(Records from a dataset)
• • • • • • •
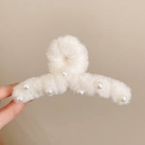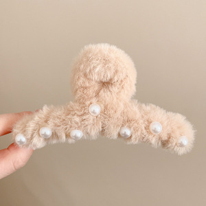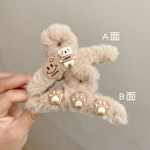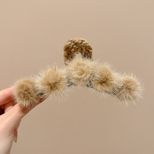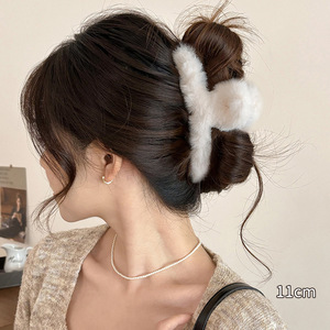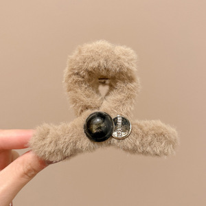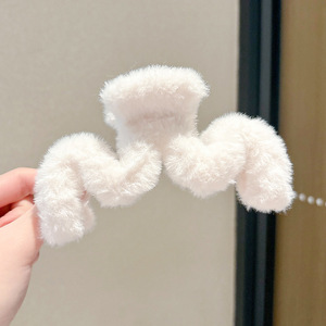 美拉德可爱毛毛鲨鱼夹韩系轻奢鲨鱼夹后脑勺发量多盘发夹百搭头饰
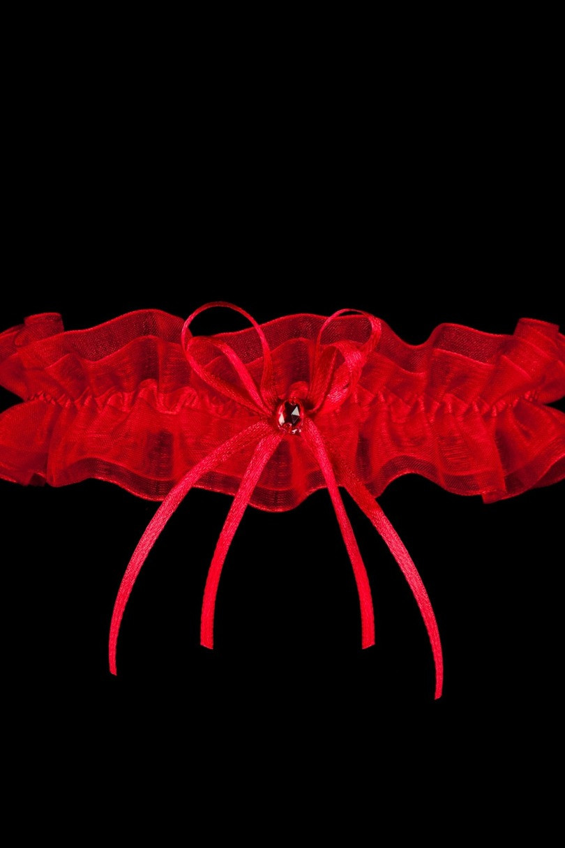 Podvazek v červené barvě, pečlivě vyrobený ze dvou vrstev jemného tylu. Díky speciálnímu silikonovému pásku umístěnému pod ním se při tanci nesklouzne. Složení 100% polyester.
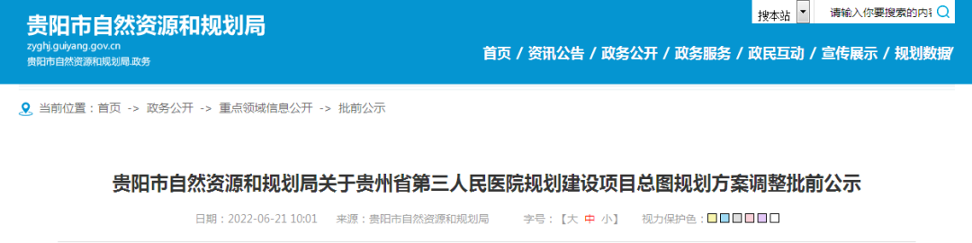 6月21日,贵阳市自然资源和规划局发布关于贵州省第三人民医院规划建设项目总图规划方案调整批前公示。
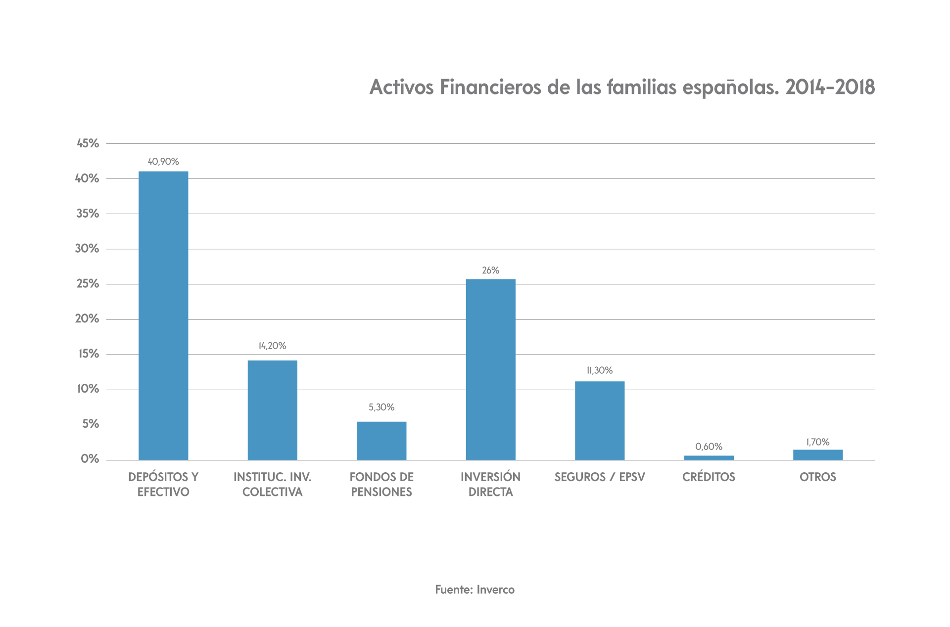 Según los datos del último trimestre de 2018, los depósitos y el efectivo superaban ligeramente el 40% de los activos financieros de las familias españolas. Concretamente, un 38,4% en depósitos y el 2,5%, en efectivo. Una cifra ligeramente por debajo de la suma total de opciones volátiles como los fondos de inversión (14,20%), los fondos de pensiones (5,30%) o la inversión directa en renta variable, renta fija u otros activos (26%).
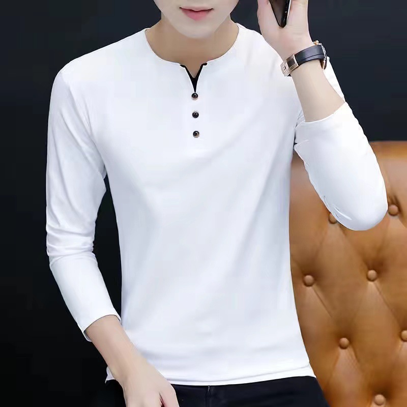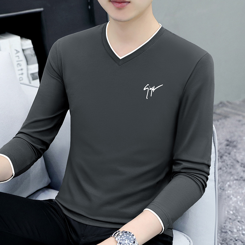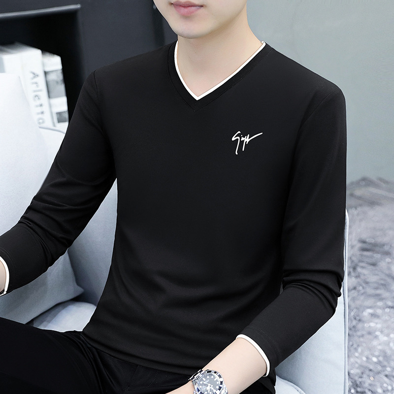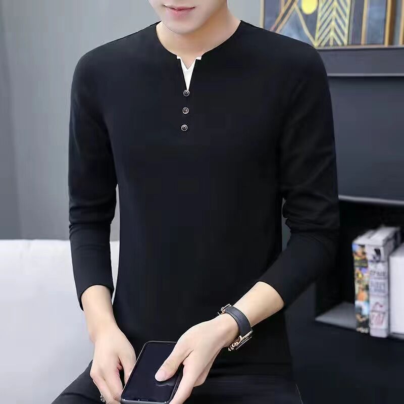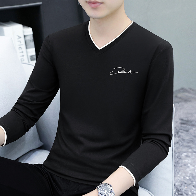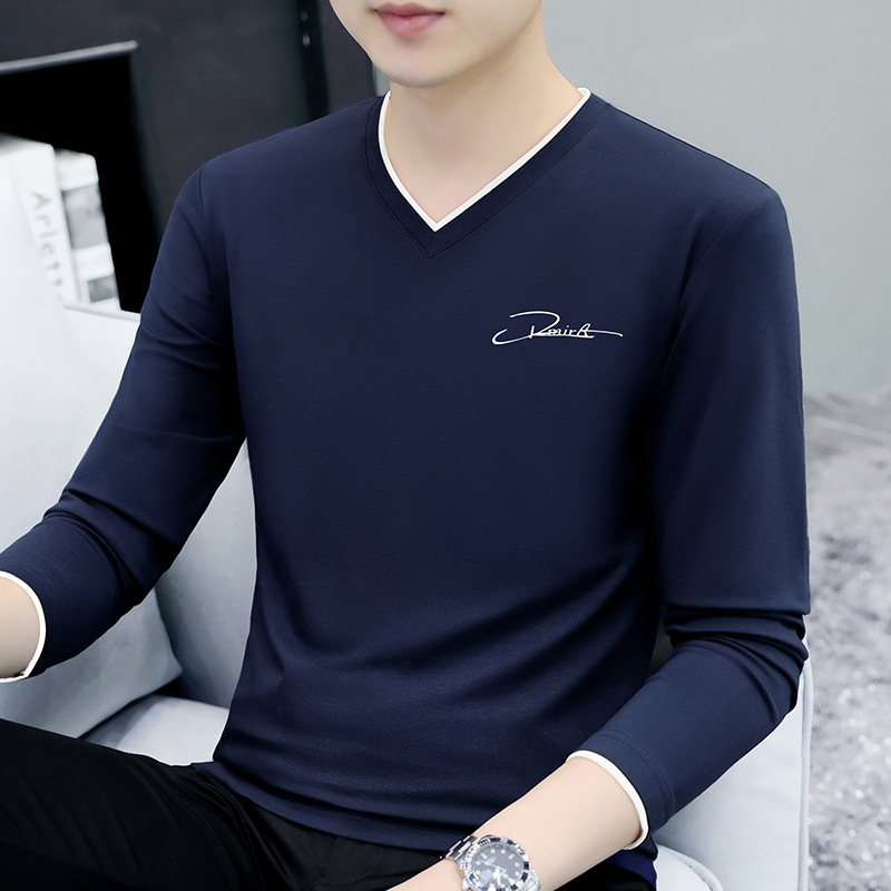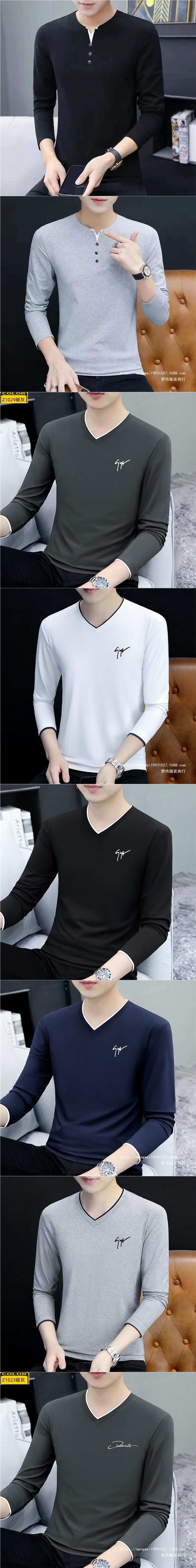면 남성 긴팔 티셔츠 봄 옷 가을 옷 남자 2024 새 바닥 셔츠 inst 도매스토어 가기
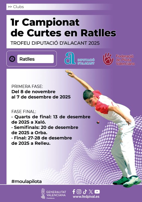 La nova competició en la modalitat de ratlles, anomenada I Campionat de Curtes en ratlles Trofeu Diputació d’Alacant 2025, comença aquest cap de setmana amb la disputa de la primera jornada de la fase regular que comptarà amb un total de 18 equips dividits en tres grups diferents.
• • • • • • •
Problem to work on >> Exactly as written, give the entries above again, with no images.

Solution for this problem >>
 美拉德可爱毛毛鲨鱼夹韩系轻奢鲨鱼夹后脑勺发量多盘发夹百搭头饰
 Podvazek v červené barvě, pečlivě vyrobený ze dvou vrstev jemného tylu. Díky speciálnímu silikonovému pásku umístěnému pod ním se při tanci nesklouzne. Složení 100% polyester.
 6月21日,贵阳市自然资源和规划局发布关于贵州省第三人民医院规划建设项目总图规划方案调整批前公示。
 Según los datos del último trimestre de 2018, los depósitos y el efectivo superaban ligeramente el 40% de los activos financieros de las familias españolas. Concretamente, un 38,4% en depósitos y el 2,5%, en efectivo. Una cifra ligeramente por debajo de la suma total de opciones volátiles como los fondos de inversión (14,20%), los fondos de pensiones (5,30%) o la inversión directa en renta variable, renta fija u otros activos (26%).
면 남성 긴팔 티셔츠 봄 옷 가을 옷 남자 2024 새 바닥 셔츠 inst 도매스토어 가기
 La nova competició en la modalitat de ratlles, anomenada I Campionat de Curtes en ratlles Trofeu Diputació d’Alacant 2025, comença aquest cap de setmana amb la disputa de la primera jornada de la fase regular que comptarà amb un total de 18 equips dividits en tres grups diferents.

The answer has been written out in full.